Remix.run Logo
BenderV 4 days ago

I'm trying to understand what does it got to do with LLM size? Imho, right tools allow small models to perform better than undirected tool like bash to do everything. But I understand that this code is to show people how function calling is just a template for LLM.

diminish 4 days ago | parent [-]

Mini swe agent, as an academic tool, can be easily tested aimed to show the power of a simple idea against any LLM. You can go and test it with different LLMs. Tool calls didn't work fine with smaller LLM sizes usually. I don't see many viable alternatives less than 7GB, beyond Qwen3 4B for tool calling.

> right tools allow small models to perform better than undirected tool like bash to do everything.

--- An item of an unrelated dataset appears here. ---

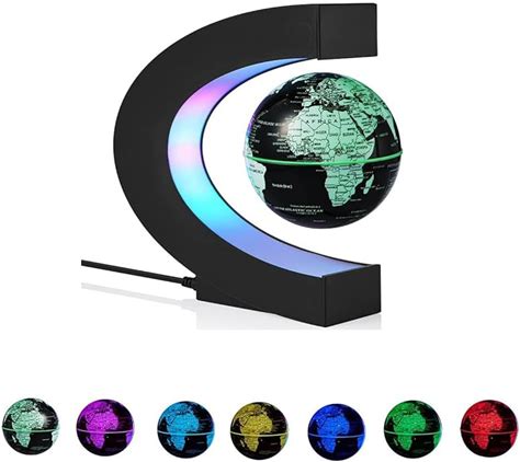 Magnetic Levitation Globe,Floating Rotating World Map Globe,Geographic Globes Cool Gadget With Colored LED Lights And C Shape Anti Gravity ,Home/
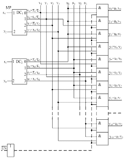 Быстродействие такого дешифратора оценивается величиной TDC (2) = 4 tзд. ЛЭ, а затраты оборудования ЕDC (2) = 81 условных транзисторов1.

Interesting enough the newer mini swe agent was refutation of this hypothesis for very large LLMs from the original swe agent paper (https://arxiv.org/pdf/2405.15793) assuming that specialized tools work better.

BenderV 3 days ago | parent [-]

Thanks for your answer.

I guess that it's only a matter of finetuning.

LLM have lots of experience with bash so I get they figure out how to work with it. They don't have experience with custom tools you provide it.

And also, LLM "tools" as we know it need better design (to show states, dynamic actions).

Given both, AI with the right tools will outperform AI with generic and uncontrolled tool.